Billig rattled softly to Hayes, “I’d swear this is Mary what’s-her-name’s work – the girl who used to do strip-tease dolls for us. She always had a touch and now it’s got better.” He fingered the doll delicately, studying the reactions in Phil’s face. “Do you want her?” he asked suddenly. “Would it pain you to see her hurt?” He made as if to wring the doll’s head off, then quickly set it on a table beside him and threw up his hands. “Whereis Brimstine!”

“Here,” the latter announced, hulking into the room like a bear in a great hurry. “I’ve located Jack. And we’ve caught the girl the three hep-jerks blabbed about. She lined herself up with the dress-display robots and might have passed herself off as one, but she sneezed.”

Mitzie was marched into the room, her hands twisted behind her by Dora, whose face wore a disdainful smile that now seemed spiced with cruelty. The analyst’s daughter had lost her evening cape and her long dark hair hung half over one eye. She held her chin up, as one who has struggled, found it no use, yet not really submitted. She saw Phil and looked away from him proudly, as if her being caught had wiped out the problem into which he had plunged her.

“Ah, the original,” Billig observed, looking up from the figurine, which he deftly pocketed. “Darling,” he said, walking toward Mitzie, “would you care to be featured in coast-to-coast living ads, or sit for a line of ultra deluxe dress display robots; would you like to be a handie star, ambassadress to Brazil, or become my girl Friday and be in on everything interesting that goes on in the world; would you take $10,000,000? Just tell us what you’ve done with the green cat.”

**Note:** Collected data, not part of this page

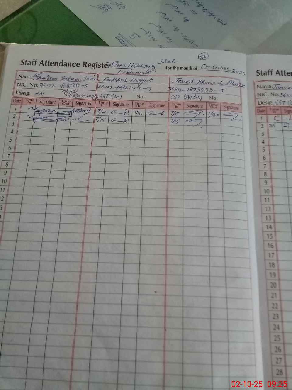 | CNIC | Full Name | Designation | R/C | Absence during last cal. month |
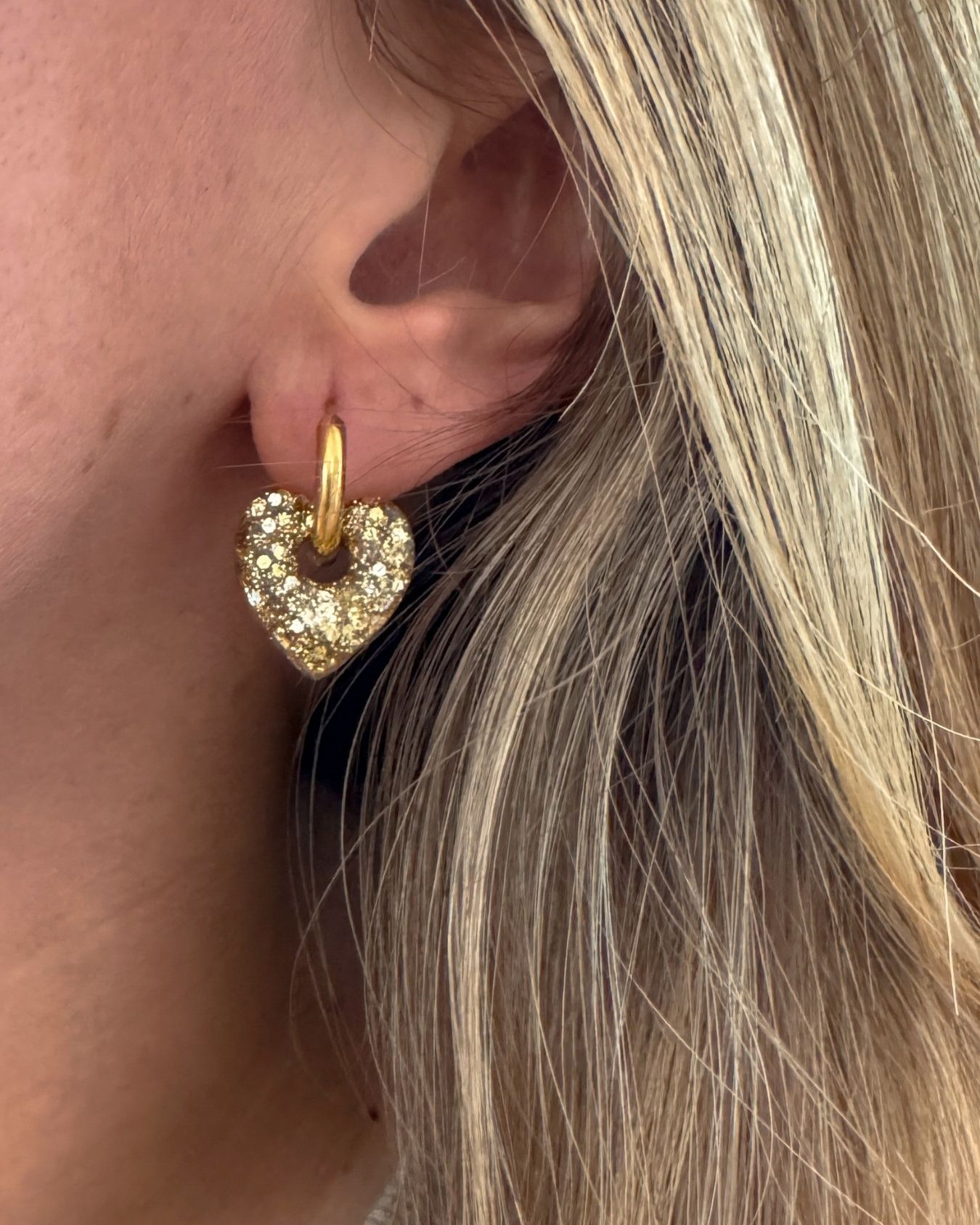 Découvrez les mini créoles Coeur couleur Doré. Des boucles d’oreilles coeurs en acier inoxydable pensées pour illuminer chaque tenue. Leur design allie une créole fine et un coeur en résine pailletée, façonné à la main dans mon atelier, ce qui rend chaque pièce unique. Grâce à leur petite taille (environ 15 mm la créole et 15 mm le coeur), elles conviennent également aux enfants.
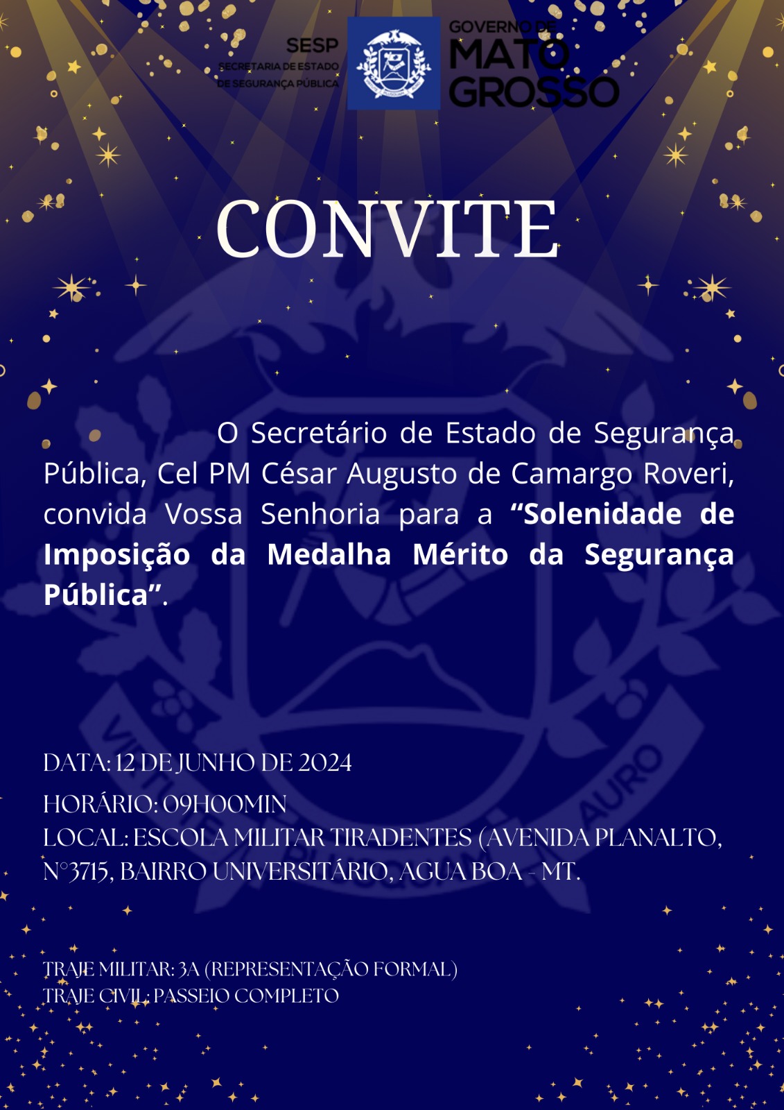 Secretaria da Segurança Pública entregará medalhas a policiais civis e militaresÁGUA BOA - A Secretaria Estadual de Segurança Pública promoverá entrega de medalhas aos policiais militares e policiais civis que se destacaram de forma exemplar em 2023 no Médio Araguaia.
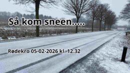 Klokken 12.32 startede det varslede snevejr i Rødekro i dag torsdag den 5. februar 2026. Den stærke blæst fra øst har aftaget en del lige…

Mitzie answered the five-second barrage with a shrug of her upper lip. “Darling, I’m serious,” Billig assured her. “This is a lifetime opportunity and you’re a nice girl.” And he made as if to caress her shoulder affectionately, but instead whipped around to catch Phil’s reaction.

Jack Jones ran into the room and whisked to a stop. He glanced at Phil as if he didn’t know him and then saluted Billig sardonically.

“What are you standing around for?” Billig demanded. “Get to work. Hayes, I want those three hep-jerks in here.”

Phil tried to squirm away from Harris’ seemingly casual grip. And then Jack’s fingers were digging at nerves and pain was not a steel ball but a fiery plant’s red hot roots and million rootlets finding an instant way through every crevice between the cells of his body. He heard himself squealing, “Romadka! Romadka!” The pain lessened and he babbled swiftly, “Dr. Romadka stole the cat. I saw him coming out of the room where the cage is, carrying his black bag. The cat must have been inside.”